▸ **TO DO**
Below are some entries; reproduce them exactly and leave every picture out.

[Dataset excerpts]
Segment Open

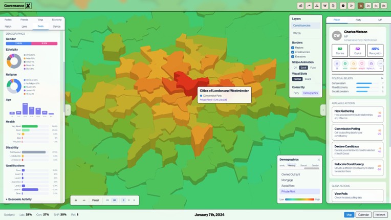 People. Power. Politics.Governance is a groundbreaking new political and social simulator that aims to fuse a real-time approach not seen in political sim with real world data, providing the most realistic simulation of modern politics. You can play as a Member of Parliament, the leader of a political party or the Prime Minister of the United Kingdom. Featuring over 1000 dynamic event, 50 unique … If you enjoyed this game, see our list of games similar to Governance.
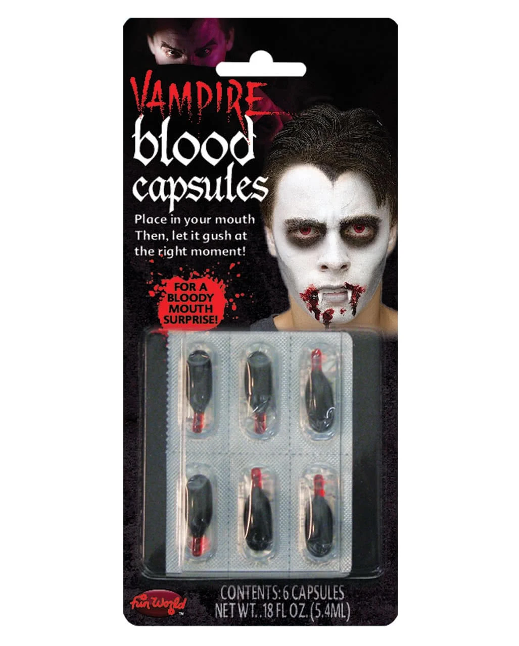 6 Blutkapseln Economy, die mit flüssigem Filmblut gefüllt sind und langsam aus dem Mund tropfen. Der ultimative Lebenssaft für jeden Vampir und der erbarmungslosen, blutrünstigen Bestie!
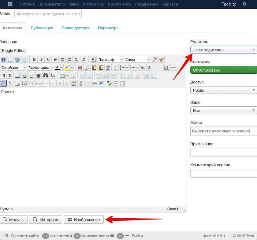 5) При необходимости можно задать родительскую категорию и добавить изображения к описанию:
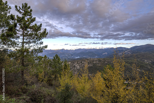 Paysage de montagne avec de grands pins et des sommets enneigés des Alpes du Sud
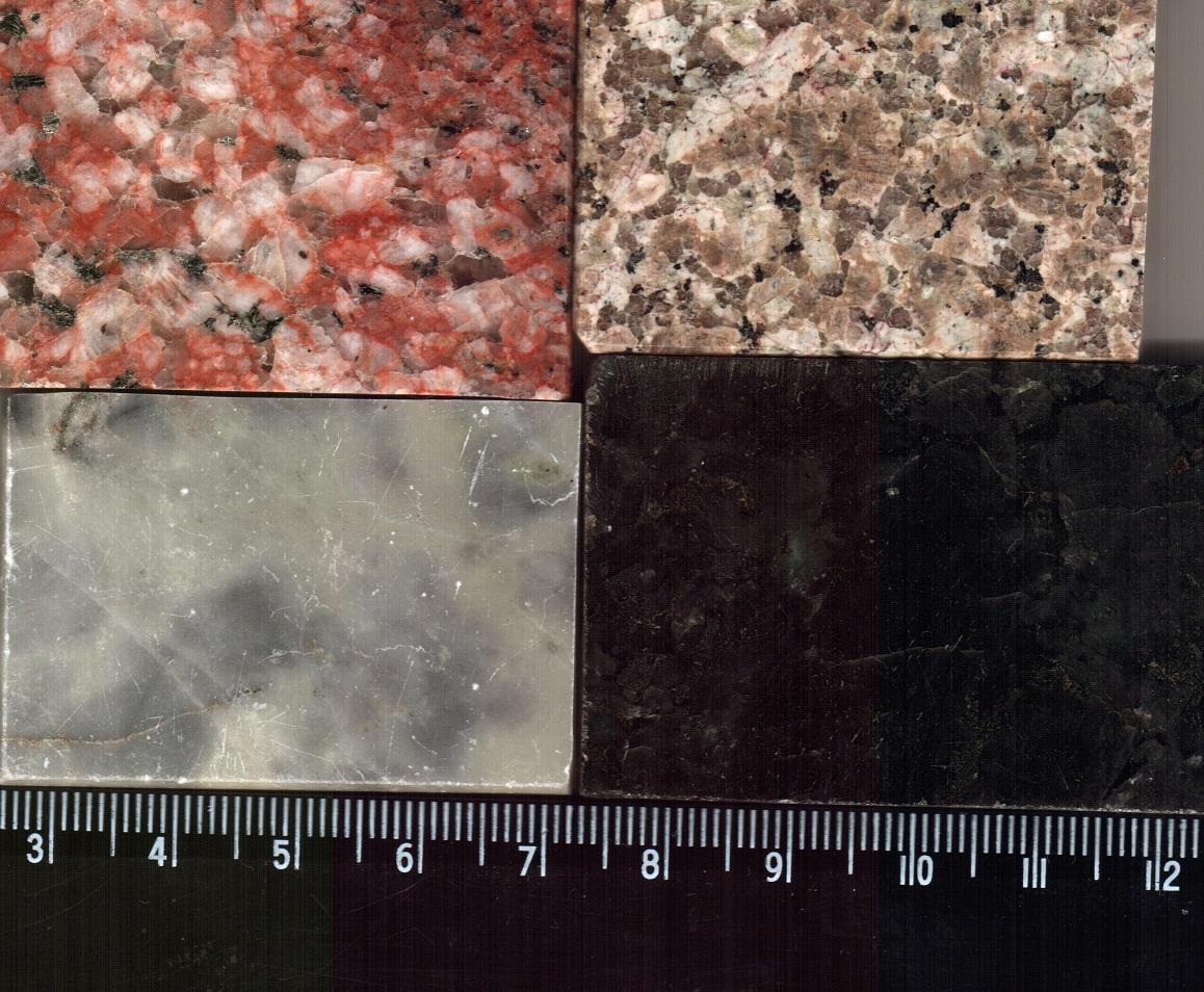 Прошу ответить на вопросы ГДЕ? и ДЛЯ ЧЕГО? и уточнить (расширить) название горных пород (ЧТО?), приводимых на следующих сканфото полированных с одной стороны параллепипедов (пластин). Малое деление масштаба = 1 мм. Цветопередача реальная.

Segment Closed

▸ **ANSWER TO THIS TASK**
 People. Power. Politics.Governance is a groundbreaking new political and social simulator that aims to fuse a real-time approach not seen in political sim with real world data, providing the most realistic simulation of modern politics. You can play as a Member of Parliament, the leader of a political party or the Prime Minister of the United Kingdom. Featuring over 1000 dynamic event, 50 unique … If you enjoyed this game, see our list of games similar to Governance.
 6 Blutkapseln Economy, die mit flüssigem Filmblut gefüllt sind und langsam aus dem Mund tropfen. Der ultimative Lebenssaft für jeden Vampir und der erbarmungslosen, blutrünstigen Bestie!
 5) При необходимости можно задать родительскую категорию и добавить изображения к описанию:
 Paysage de montagne avec de grands pins et des sommets enneigés des Alpes du Sud
 Прошу ответить на вопросы ГДЕ? и ДЛЯ ЧЕГО? и уточнить (расширить) название горных пород (ЧТО?), приводимых на следующих сканфото полированных с одной стороны параллепипедов (пластин). Малое деление масштаба = 1 мм. Цветопередача реальная.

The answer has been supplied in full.